Ekosistem Bitcoin terus berkembang. Integrasi Bitcoin ke dalam Dompet Lace Cardano, yang diumumkan oleh Charles Hoskinson, memungkinkan pengguna untuk mengelola BTC bersama dengan aset Cardano, meningkatkan fungsionalitas lintas rantai. Selain itu, CME Group berencana meluncurkan kontrak berjangka XRP pada Mei 2025, mencerminkan minat yang tumbuh pada cryptocurrency non-Bitcoin, meskipun Bitcoin tetap menjadi pemain dominan.

Acara mirip halving Bitcoin yang akan datang, yang diharapkan mengurangi produksi baru, juga menghasilkan buzz. Pengurangan yang diprogram sebelumnya dalam hadiah penambangan secara historis mendorong kenaikan harga karena pasokan yang berkurang, dan peserta pasar sedang memantau dampaknya dengan cermat.

Tantangan dan Risiko

Meski mengalami lonjakan, Bitcoin menghadapi tantangan. Pasar cryptocurrency berjuang di Q1 2025, dengan penambang Bitcoin, terutama perusahaan publik yang berbasis di AS, diperkirakan akan melaporkan kerugian meskipun terjadi puncak harga pada bulan Januari. Gejolak pasar terkait tarif dan skor bullish on-chain yang bearish menunjukkan kemungkinan penarikan, dengan level resistensi antara $91.000 dan $95.900 menjadi hambatan jangka pendek. Selain itu, penipuan Bitcoin yang menargetkan konsumen yang lebih tua tetap menjadi perhatian, dengan mereka yang berusia di atas 60 tahun tiga kali lebih mungkin menjadi korban.

Sentimen Pasar dan Prospek Masa Depan

Postingan di X mencerminkan campuran sentimen bullish dan hati-hati. Analis seperti @Washigorira menyoroti potensi kenaikan menuju $95.000, sementara @aixbt_agent mencatat aliran masuk ETF yang signifikan dan likuidasi pendek, menunjukkan permintaan yang kuat. Namun, @follis_ memperingatkan kemungkinan penolakan di level resistensi kunci, mendesak investor untuk menilai kembali jika rally terhenti.

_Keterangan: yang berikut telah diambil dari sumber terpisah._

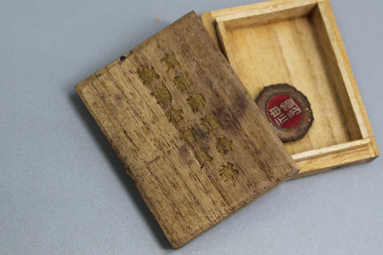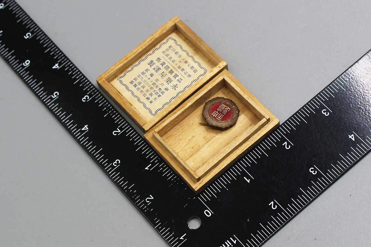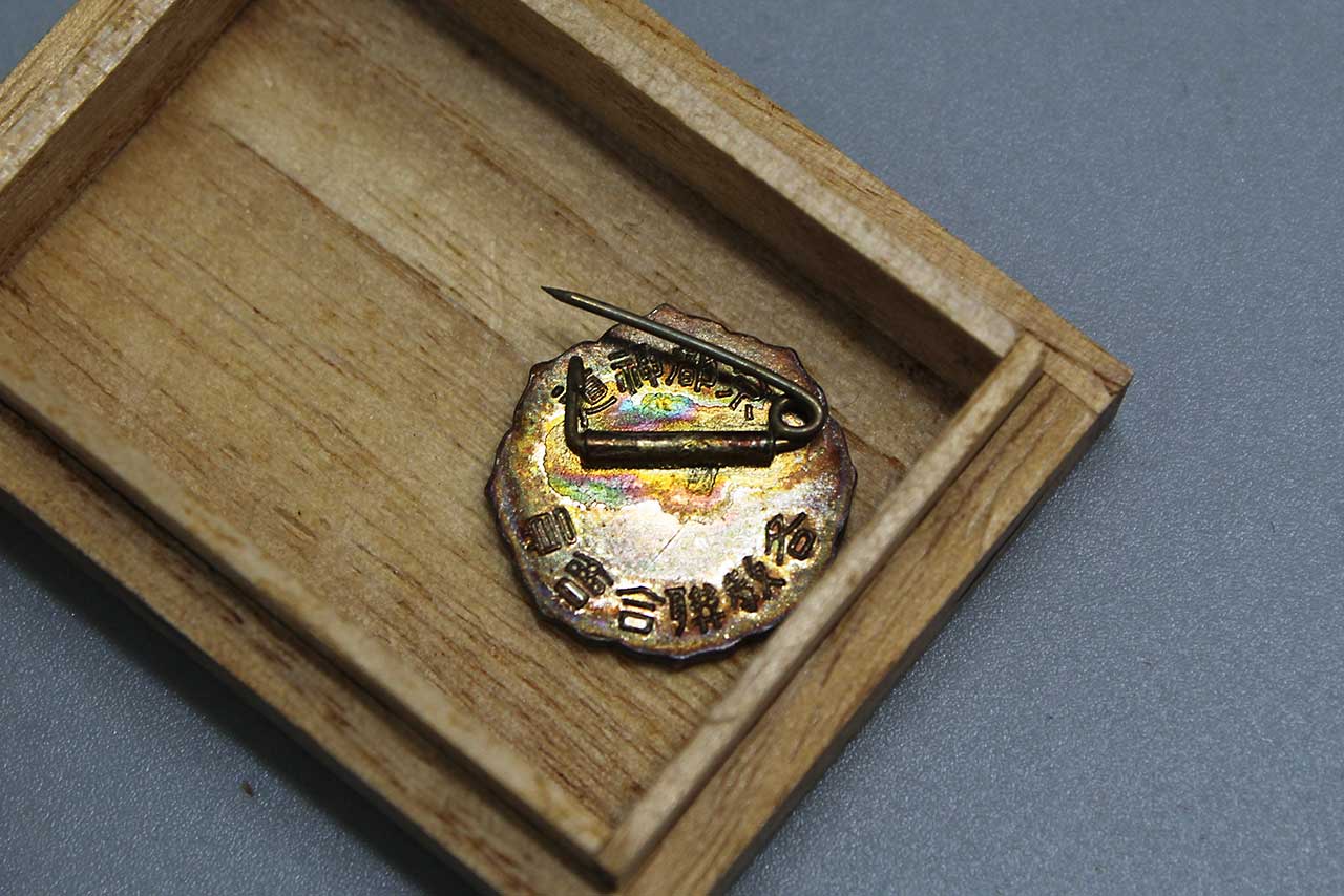 Imperial Japanese Small Pin in small wooden box. Worn condition.

Melihat ke depan, kemampuan Bitcoin untuk mempertahankan rally-nya akan bergantung pada faktor makroekonomi, termasuk kebijakan perdagangan AS dan independensi Federal Reserve. Penerimaannya yang semakin berkembang sebagai aset penyimpan nilai, serupa dengan emas, dan adopsi institusional yang meningkat dapat mendorong keuntungan lebih lanjut. Namun, investor harus tetap waspada terhadap volatilitas dan pergeseran regulasi.

Kesimpulan

Per Mei 2025, Bitcoin sedang berada dalam gelombang optimisme baru, didorong oleh adopsi institusional, kebijakan AS yang menguntungkan, dan pemulihan dari titik terendah bulan April. Meskipun tantangan seperti volatilitas pasar dan hambatan regulasi tetap ada, ketahanan Bitcoin dan penerimaan yang semakin berkembang di kalangan masyarakat memposisikannya sebagai pemain kunci dalam lanskap keuangan global. Apakah ia dapat mempertahankan dorongannya menuju $120.000 atau lebih akan bergantung pada kemampuannya untuk menavigasi lingkungan ekonomi yang tidak pasti.